Like the time J. D. Brame came walking into the barbershop carrying a large toy airplane. The explanation was innocent enough. Brame, who was a colorful character in his own right, was walking for his health when he came across the plane and picked it up for one of his grandsons. He was carrying it when he dropped by Royce’s barbershop — then located near the Eureka/Highway 6 intersection — for a haircut.
Once Royce finished, Brame walked out with the airplane headed down Eureka Street, walking toward home. Royce was immediately on the phone, calling down to Batesville Clinic where he spoke to Dr. Rupert Lovelace.
“Y’all have got to do something about Brame, he’s gone off his rocker,” Royce told the unsuspecting surgeon. “He just left here headed that way and he thinks he’s an airplane.”
When Brame had walked his way to Batesville Clinic, he was met by men in white coats, literally. Dr. Lovelace had been joined by Dr. N. C. House and they were prepared to make an intervention.
Meanwhile back at the barbershop, Royce was cutting more hair, smiling to himself almost imperceptibly and no doubt chuckling about all the explaining that was going on among his three friends down the street.
Often the victims were in his barber chair. Neail Hockaday recalls becoming one such victim — “back when I had some hair,” he said. Neail said he noticed other customers giggling as they glanced toward him, but he remained unaware that he was the object of their mirth until Royce spun him around for a look in the mirror.
Royce had scooped up hair wax that was intended to make then-in-vogue flat top cuts stand up. He had applied it to Neail’s long hair, fixing him in a startled, “hair-standing-on-end” expression.
Royce found creative use for a pair of thick-lensed drugstore glasses that withstood his throwing them hard down on the floor. After a customer wearing eyeglasses took his seat in Royce’s chair, he carefully removed the customer’s eyeglasses and set them on the nearby counter. Then, as though he’d had a sudden onset of madness, he slammed the switched glasses to the floor, uttering expletives.
His shocked customer — my dad was one, Miles Mitchell another — just sat there, assuming that his own spectacles had been shattered into pieces on the floor and trying to figure out whether he would be better off fleeing the shop with impaired vision or sitting there and hoping that Royce would regain his sanity.
There are many more, but I heard my favorite just a few months ago from Royce’s own lips when I asked him to recall a memorable duck hunt down below Crowder with J. C. Burns.
They were maneuvering their boat over flooded fields and ditches, Royce told me, when they neared a ditch bank where Burns said he wanted to get out. He asked Royce about the depth of the water.

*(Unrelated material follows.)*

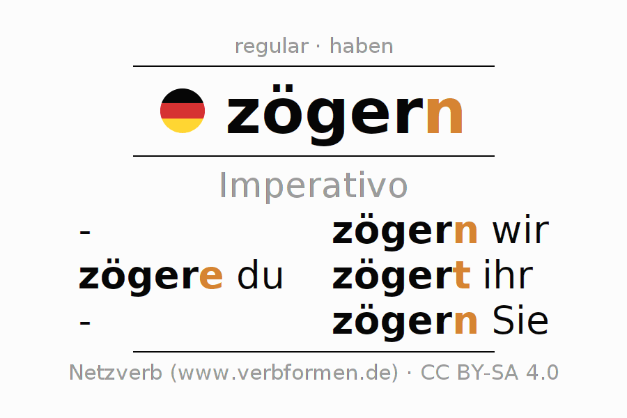 Este verbo zögern (vacilar, dudar) se conjuga en imperativo de la siguiente manera: zög(e)re (du), zögern wir, zögert (ihr), zögern Sie

Royce said nothing but took the end of his boat paddle with one hand and used it as though he was feeling for the bottom. What Royce did was to jab the paddle up and down like he was hitting soft mud about two feet beneath their boat’s flat bottom.
Burns hopped out of the boat and immediately sunk out of sight into cold, muddy water over his head. Royce still laughed about when Burns resurfaced, cursing Royce and spitting out muddy water.
I’m sure readers have their own Royce stories, and we’ll be entertain each other by retelling those stories for years to come.
Royce Durham, 1939-2016.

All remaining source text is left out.